Conventions Used in This Book

This book uses certain conventions that make it easier for you to use.

A monospaced font is used to identify program code. An italic monospaced font is used to identify placeholders used in Java syntax descriptions.

Notes like this are used to call your attention to information that is important to understanding and using Java.

Tips like this are used to identify ways that you can use Java more efficiently or take advantage of undocumented features in the Java Developer's Kit or Java-enabled browsers.

Warnings like this are used to help you to avoid common problems encountered when using Java and to keep you clear of potential programming difficulties.

In order to help you understand where you are going and where you have been, each chapter begins with a short description of the information that will be presented and ends with a summary of the material that has been covered.

Getting Started

To use this book with the Java Developer's Kit, you'll need a computer and operating system that are capable of running Java 1.0. There are a wide variety of computers and operating systems that support Java, and Java continues to be ported to new hardware and software platforms.

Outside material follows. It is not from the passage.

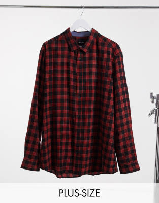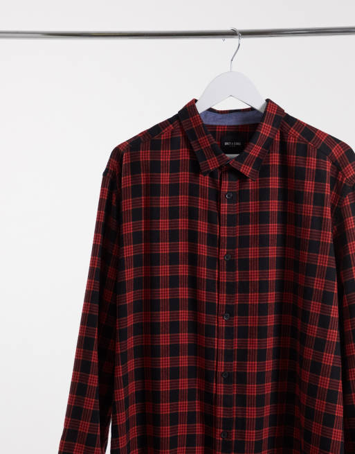 Only Sons Plus Geburstetes Karohemd In Schwarz Rot Asos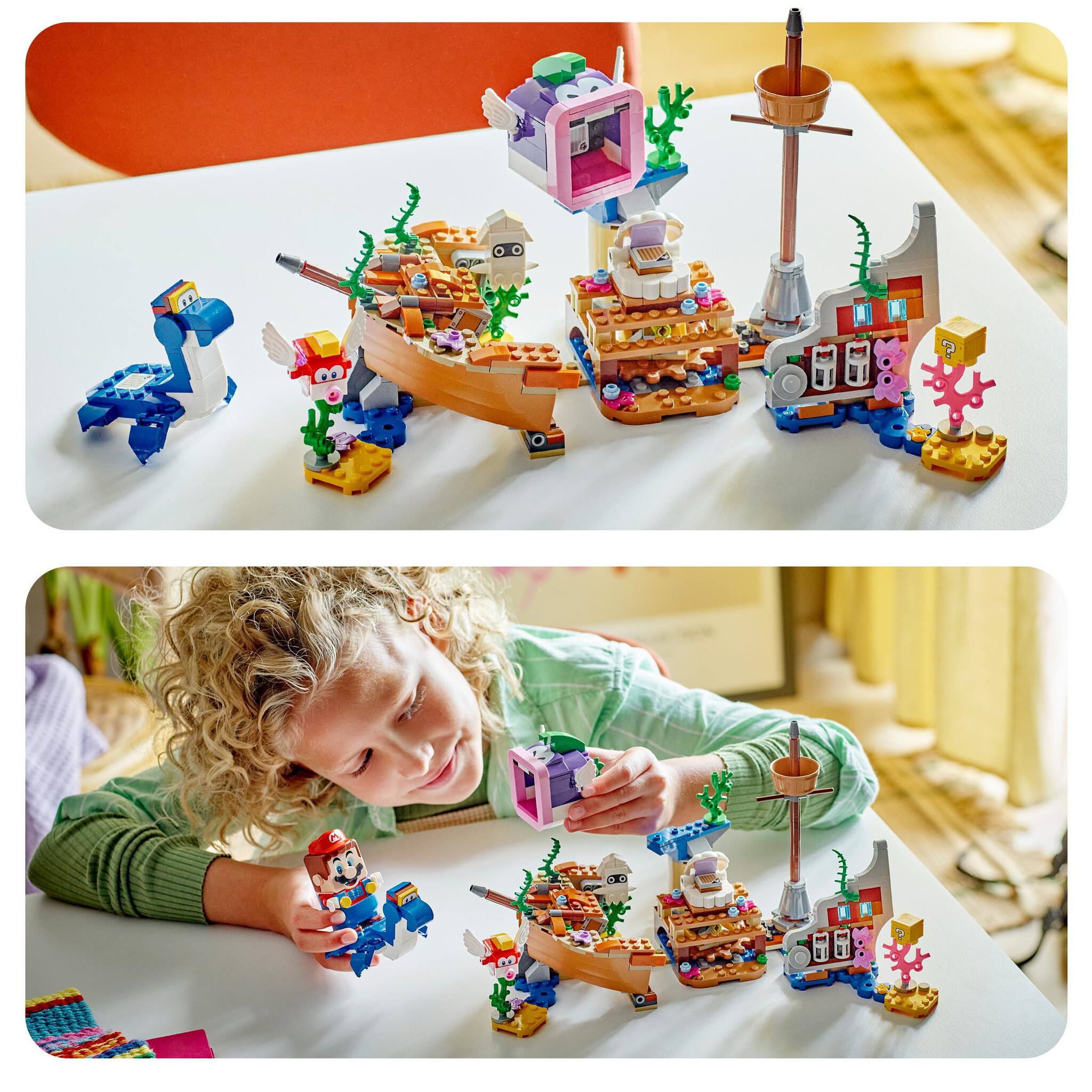 Creëer een spannend LEGO Super Mario onderwaterlevel voor een schattenjacht met de Uitbreidingsset: Dorries gezonken scheepswrak (71432). Rijd op een Dorrie met een interactieve LEGO Mario, LEGO Luigi of LEGO Peach figuur (figuren niet inbegrepen) en v

To effectively use Java with Windows 95, you will need the following:

To effectively use this book, you will need access to a compact disc drive so that you can copy files from the enclosed CD. In addition, an Internet connection will be required to complete some of the networking examples, and a Java-enabled browser, such as Netscape 2.0 or later, will be needed to work with Java applets and JavaScript. A sound card and speakers will be needed to use audio-playing applets.

You can get started if you are able to run Windows 95 and have access to the Web. Chapter 2 shows you how to obtain the Java Developer's Kit from Sun's JavaSoft website. You can add additional hardware, as necessary, to complete the programming examples of each chapter.

The best way to use this book is to start with Chapter 1 and proceed through each chapter, in succession, working through each programming example that is presented. You will learn to program in Java by compiling, running, analyzing, and understanding the sample programs. Additional hands-on learning can be acquired by tinkering with the sample programs, modifying them, and augmenting their capabilities.